To compute one standard deviation errors on the parameters use perr = np.sqrt(np.diag(pcov)). To compute one standard deviation errors on the parameters use perr = np.sqrt(np.diag(pcov)). What are the best-fit values of the parameters? navigate here You don't always have to define an odr.Model().

I truly appreciate it. Returns:popt : array Optimal values for the parameters so that the sum of the squared error of f(xdata, *popt) - ydata is minimized pcov : 2d array The estimated covariance of Do not try to be smart and return the squared difference, it will not work! This (you guessed) is a wrapper around the MINPACK FORTRAN library.

Pingback: Numerical computing in IronPython with IroncladLeave a Reply Cancel replyYour email address will not be published. isomorphismes 15 June 2015 at 19:40 re: Horner's method. kwargs Keyword arguments passed to leastsq for method='lm' or least_squares otherwise. Below is a copy of my program and the stack trace, showing a new error.

In this case we will use mode 2 of odrpack, which is least-squares. For a more complete gaussian, one with an optional additive constant and rotation, see http://code.google.com/p/agpy/source/browse/trunk/agpy/gaussfitter.py. Once you have the function y ou want to fit, you create a model object based on that function, a data object based on the data you want to fit, and absolute_sigma : bool, optional If False, sigma denotes relative weights of the data points.
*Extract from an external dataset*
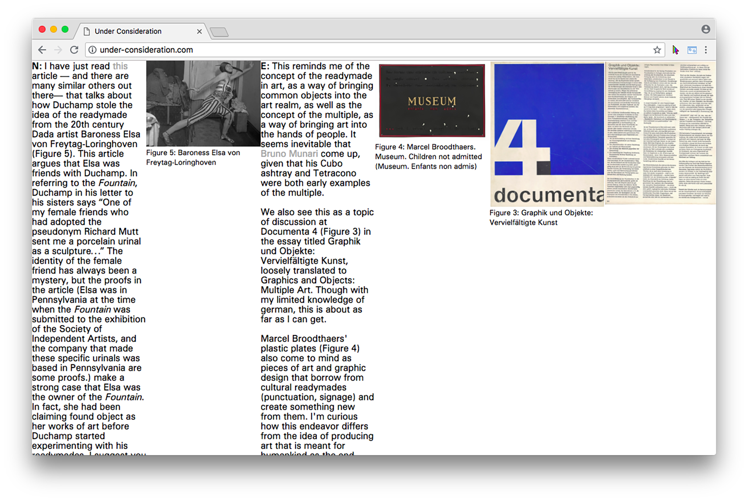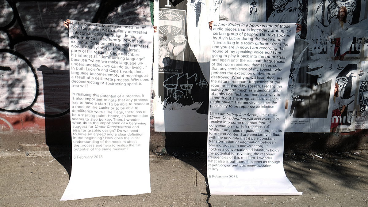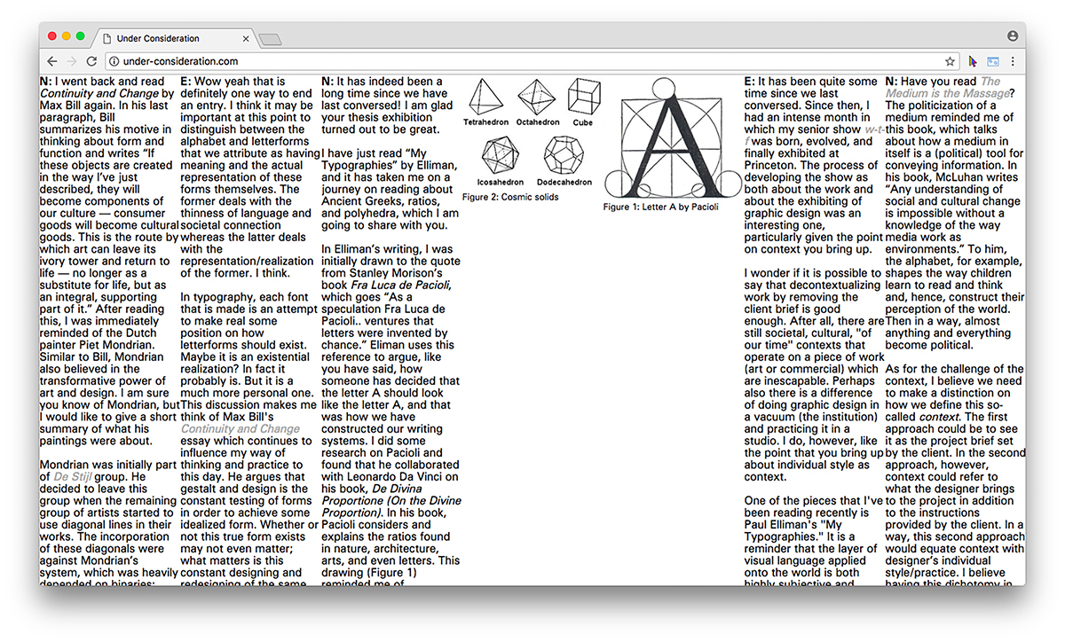 Under Consideration is a collaborative publishing effort by Nazli Ercan and Eric Li. It is a container for an exchange of ideas between the Ercan and Li. Each new entry on the website is a response to the previous entry by the other author; it is the next thought of a continuous conversation. In this regard, the entries themselves become the medium in this unending collaborative process.

You can visualize the results by using polyval: y_new = N.polyval(fit,x) plot(x,y,'b-') plot(x,y_new,'r-') odrpack If the above is not enough for you and you need something more serious, then ODRPACK is Why would breathing pure oxygen be a bad idea? First, define a generic gaussian function: import numpy as N def gaussian(B,x): ''' Returns the gaussian function for B=m,stdev,max,offset ''' return B[3]+B[2]/(B[1]*N.sqrt(2*N.pi))*N.exp(-((x-B[0])**2/(2*B[1]**2))) Now, to use scipy's least squares you need to python scipy share|improve this question asked Oct 17 '15 at 13:54 HansSnah 31929 The starting point is: what is the purpose of the fit?
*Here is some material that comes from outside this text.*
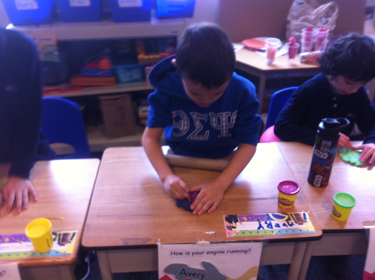 In Minute to Win It today the boys had to knead, pull, stretch, and roll play-doh into a pizza, and then use a toothpick to cut in into certain fractions. For example, they had to make a pizza with four slices (1/8 ths) and eight slices (1/12 ths). It was a lot of fun and utilized their fine motor skills, math skills (fractions and numeracy), and sportsmanship.

Examples of the functionality include: Integration (scipy.integrate) Optimization/Fitting (scipy.optimize) Interpolation (scipy.interpolate) Fourier Transforms (scipy.fftpack) Signal Processing (scipy.signal) Linear Algebra (scipy.linalg) Spatial data structures and algorithms (scipy.spatial) Statistics (scipy.stats) Multi-dimensional image processing That's why providing a good stack > trace is so important in bug reports: there can be multiple causes for > something to go wrong. Note that there is a way to simplify the call to the function with the best-fit parameters, which is: line(x, *popt) The * notation will expand a list of values into The reason the values are not exact is because there are only a limited number of random samples, so the best-fit slope is not going to be exactly those used in

The problem with this is that it needs quite accurate initial guesses on the parameters... –HansSnah Oct 17 '15 at 17:14 It might be more well behaved in log-space. General least-squares Real life is not only made of polynomials, so you will eventually want to fit other functions. Make a plot of the data and the best-fit model in the range 2008 to 2012.